Predicting scalar coupling constants via machine learning
FFI-Report
2021
About the publication
Report number
21/02531
ISBN
978-82-464-3382-0
Format
PDF-document
Size
549.9 KB
Language
English
Over the preceding decade, machine learning techniques have been successfully applied in several
fields of research, including the prediction of chemical properties of atoms and molecules. Whereas
conventional quantum chemical methods can be very computationally expensive, machine learning
algorithms give rise to fast and accurate predictions beyond the known data set, given that they have
been trained with a sufficient amount of quality data.
Online platforms, such as Kaggle (kaggle.com), host machine learning competitions with welldefined
problem descriptions and a substantial amount of accompanying data. These provide a
well-defined objective with a clear-cut deadline, making them ideal for short-term focused research
work. In addition, the Kaggle website serves as an interactive learning environment, with a continually
updated scoreboard and public discussion forum.

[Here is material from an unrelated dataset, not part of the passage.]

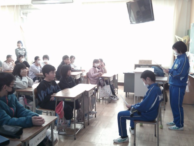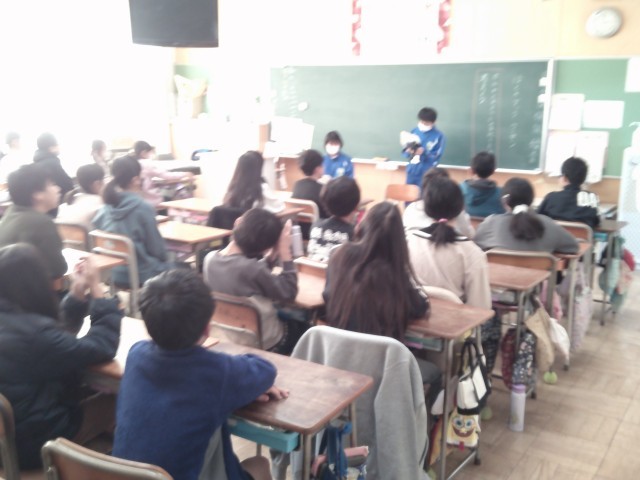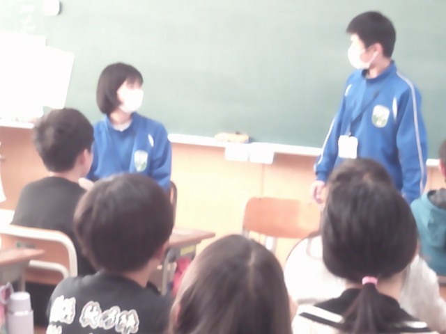 12月2日~4日までの3日間、玉村中学校の生徒2名が本校で職場体験を行いました。最終日は6年生に中学校生活の説明をしてくれました。「勉強」「生活」「部活動」「行事」などについて小学生からたくさんの質問に丁寧に答えてくれました。直接お話がたくさん聞けたので、中学校のイメージが具体的に描けたのではないかと思います。授業中や休み時間などもたくさん触れあい、小学生も中学生をとても慕っていました。6年生は中学校に入学し頼もしい先輩との再会が楽しみですね。

During the summer of 2019, a team of students and scientists at the Norwegian Defence Research
Establishment (FFI) participated in the Kaggle competition Predicting Molecular Properties, where
the task was to predict the scalar coupling constant via machine learning. The scalar coupling
constant is an expression of the magnetic interactions between atoms in a molecule and depends
on its atomic composition and geometry. We investigated several mathematical representations of
molecular data as inputs to various supervised learning algorithms, including deep neural networks
and gradient boosting trees. Combining the molecules’ distance matrices with angular information
provided a flexible data representation, enabling accurate predictions. Our most successful model
comprised an ensemble of deep neural networks and gradient boosting trees, resulting in a 308th
place among the 2,737 competing teams. A key factor of the team’s success was the mixture of
relevant domain expertise and machine learning experience.